**GOAL OF THE EXERCISE**
Leave the pictures in the listing below aside and reproduce exactly the lines starting with the one with "red slip. |" and going on through the one with "2 x Ichigokomochi: Sweet", both ends included.

**MATERIAL TO PROCESS**
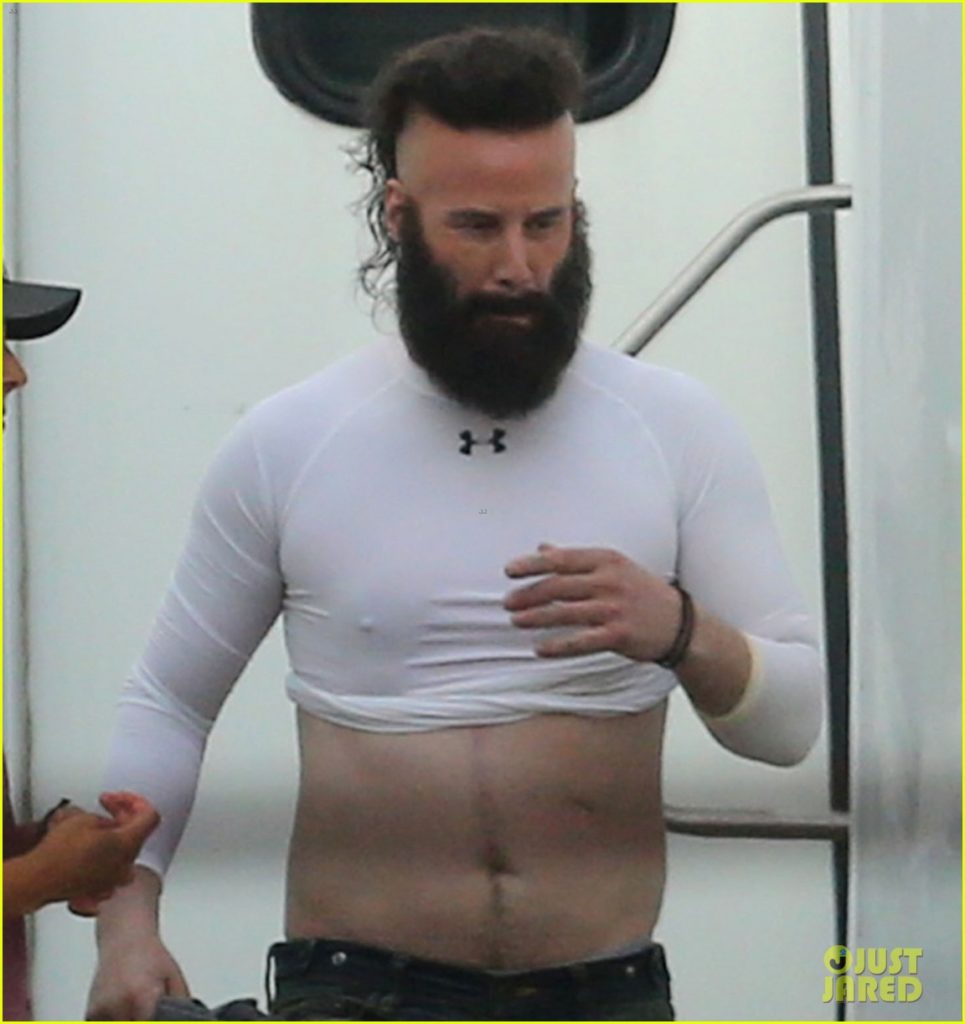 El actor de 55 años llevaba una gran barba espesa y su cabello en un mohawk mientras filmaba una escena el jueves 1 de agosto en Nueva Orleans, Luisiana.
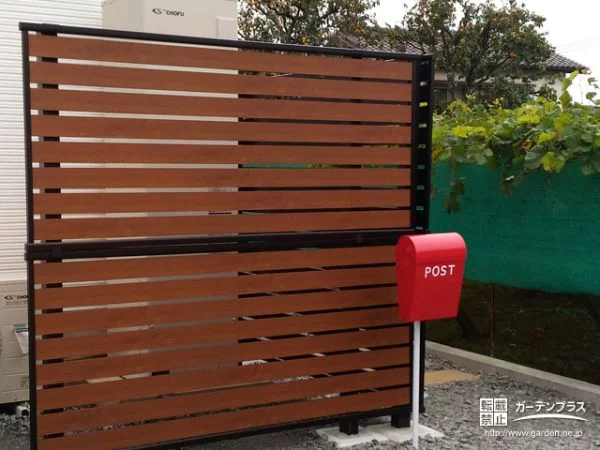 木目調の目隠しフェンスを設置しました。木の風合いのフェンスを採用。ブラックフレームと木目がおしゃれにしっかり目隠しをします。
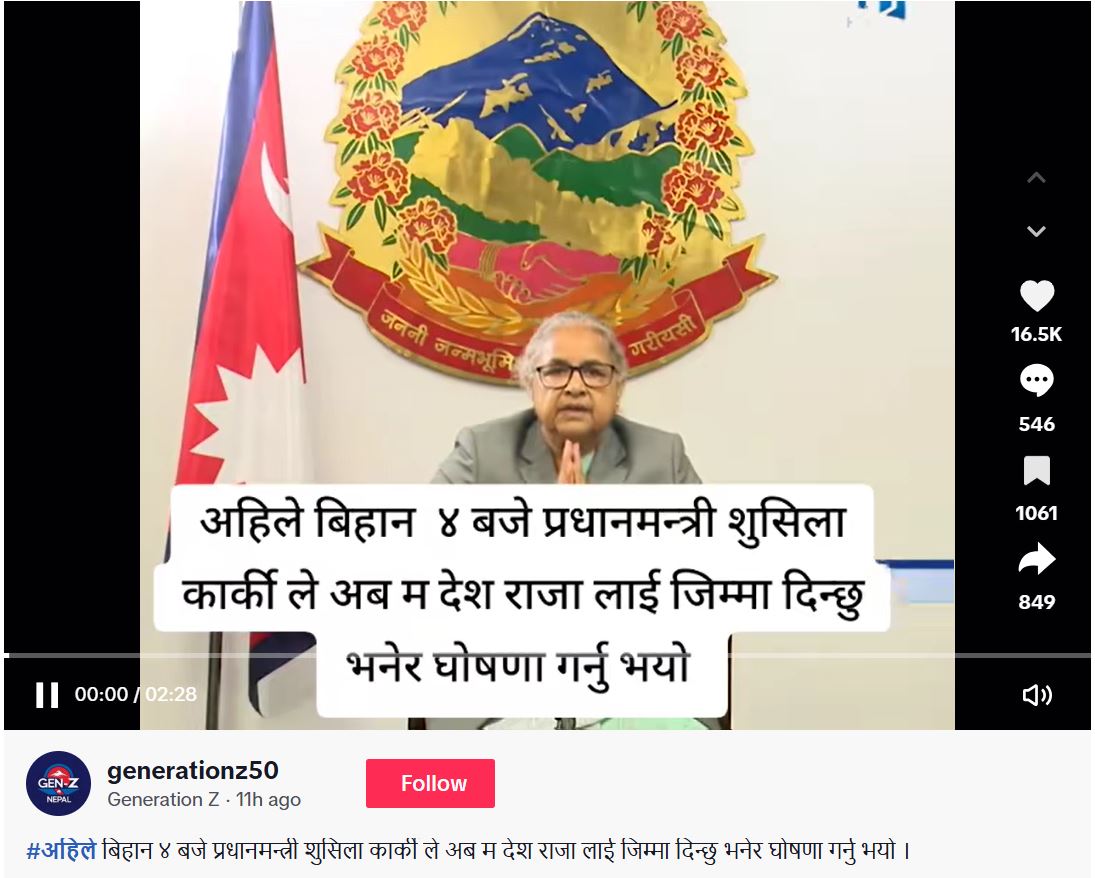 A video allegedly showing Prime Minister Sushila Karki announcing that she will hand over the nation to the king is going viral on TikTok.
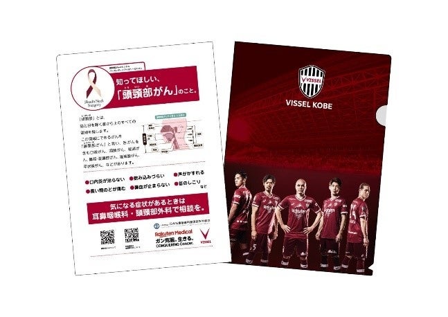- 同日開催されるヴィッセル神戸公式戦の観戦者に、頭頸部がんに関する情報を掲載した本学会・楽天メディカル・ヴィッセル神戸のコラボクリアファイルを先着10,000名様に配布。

==

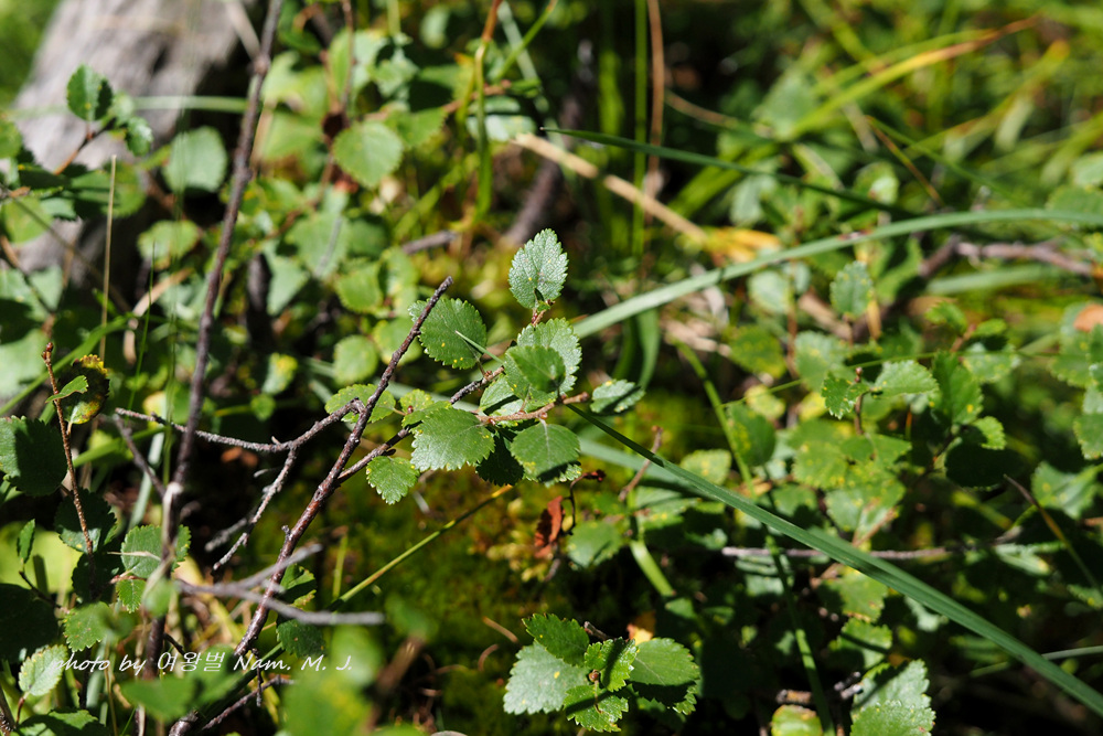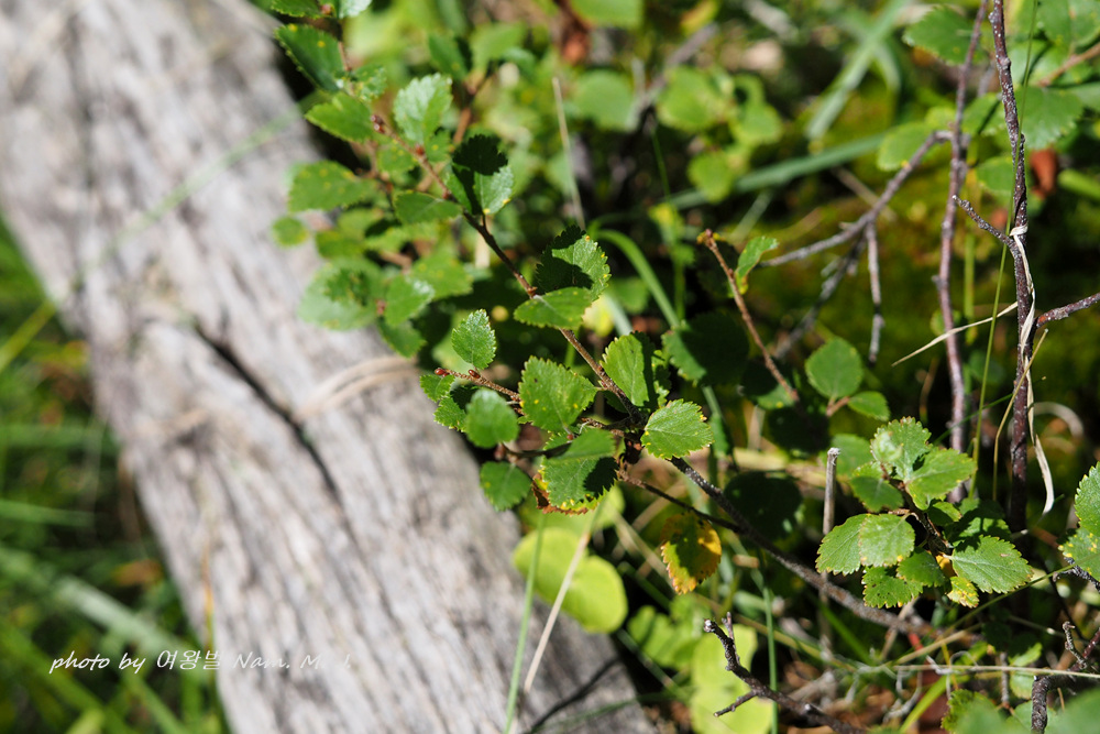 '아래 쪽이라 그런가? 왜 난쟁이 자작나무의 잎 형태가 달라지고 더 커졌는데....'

* * *

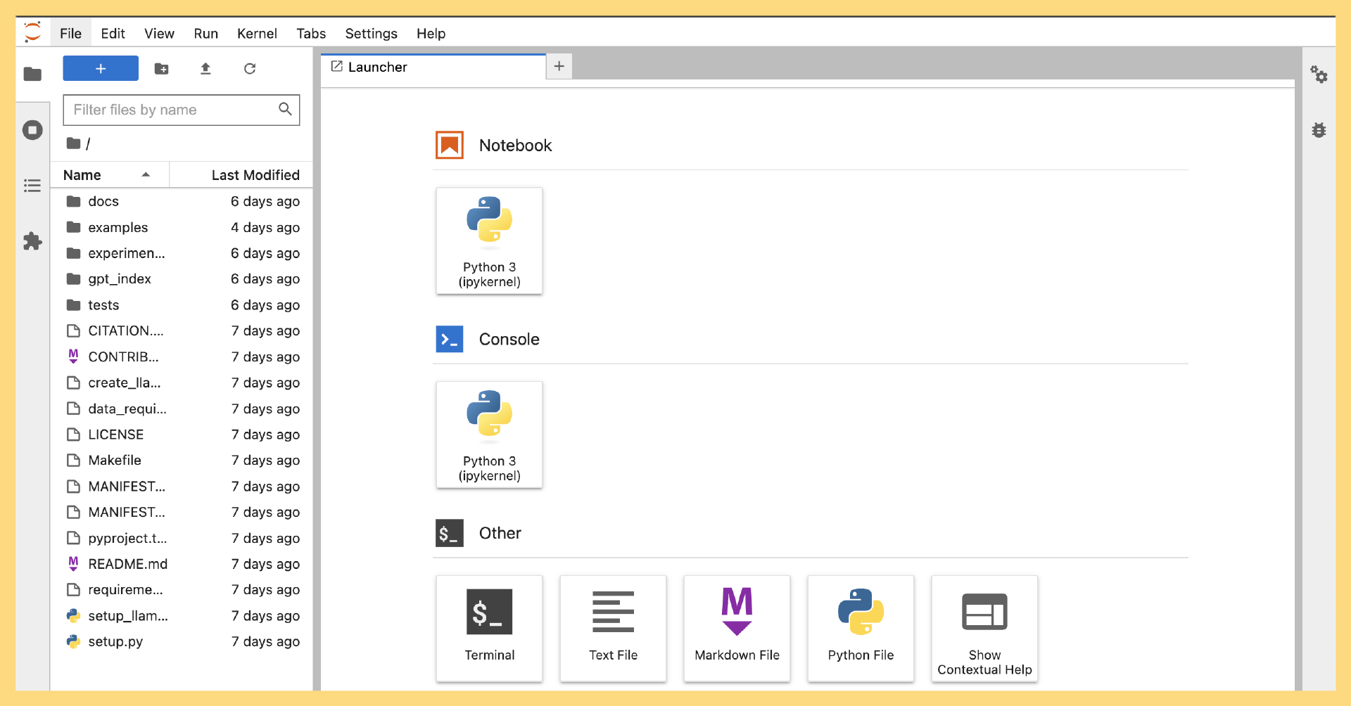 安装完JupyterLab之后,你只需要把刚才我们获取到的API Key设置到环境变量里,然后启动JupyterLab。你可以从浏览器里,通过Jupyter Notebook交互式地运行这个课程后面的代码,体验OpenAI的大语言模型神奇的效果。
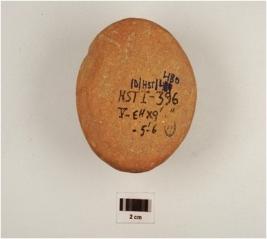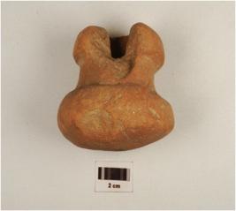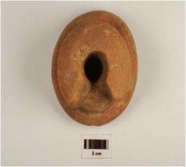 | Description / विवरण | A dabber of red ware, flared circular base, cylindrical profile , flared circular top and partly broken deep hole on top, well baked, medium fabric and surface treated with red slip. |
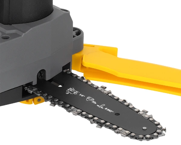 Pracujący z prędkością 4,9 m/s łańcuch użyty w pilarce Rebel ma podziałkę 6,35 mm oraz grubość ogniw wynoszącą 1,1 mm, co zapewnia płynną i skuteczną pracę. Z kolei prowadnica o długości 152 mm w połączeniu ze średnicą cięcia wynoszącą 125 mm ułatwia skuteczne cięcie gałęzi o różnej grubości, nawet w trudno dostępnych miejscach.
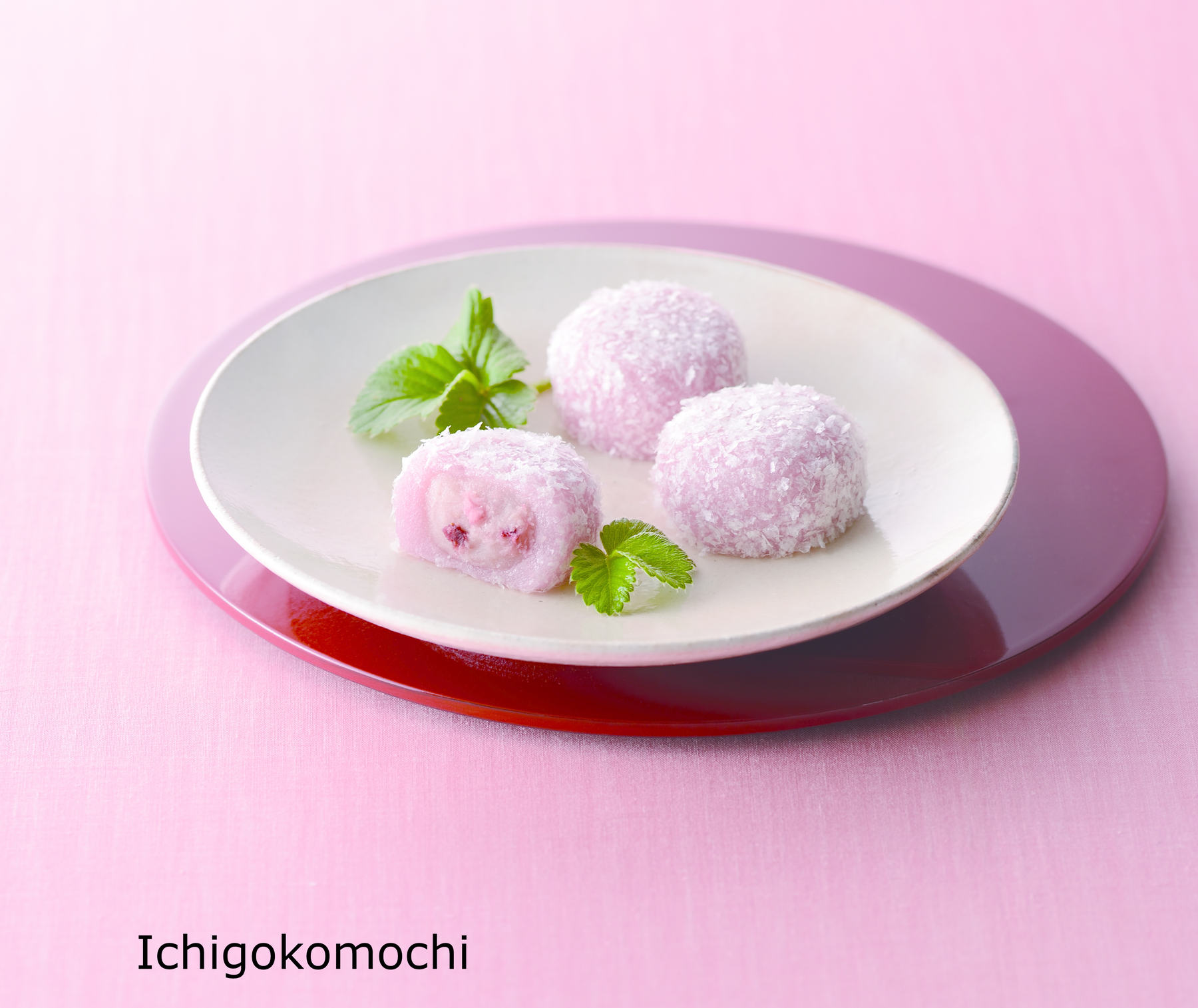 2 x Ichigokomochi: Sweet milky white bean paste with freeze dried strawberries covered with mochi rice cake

**OUTPUT FOR THIS EXERCISE**
 | Description / विवरण | A dabber of red ware, flared circular base, cylindrical profile , flared circular top and partly broken deep hole on top, well baked, medium fabric and surface treated with red slip. |
 Pracujący z prędkością 4,9 m/s łańcuch użyty w pilarce Rebel ma podziałkę 6,35 mm oraz grubość ogniw wynoszącą 1,1 mm, co zapewnia płynną i skuteczną pracę. Z kolei prowadnica o długości 152 mm w połączeniu ze średnicą cięcia wynoszącą 125 mm ułatwia skuteczne cięcie gałęzi o różnej grubości, nawet w trudno dostępnych miejscach.
 2 x Ichigokomochi: Sweet milky white bean paste with freeze dried strawberries covered with mochi rice cake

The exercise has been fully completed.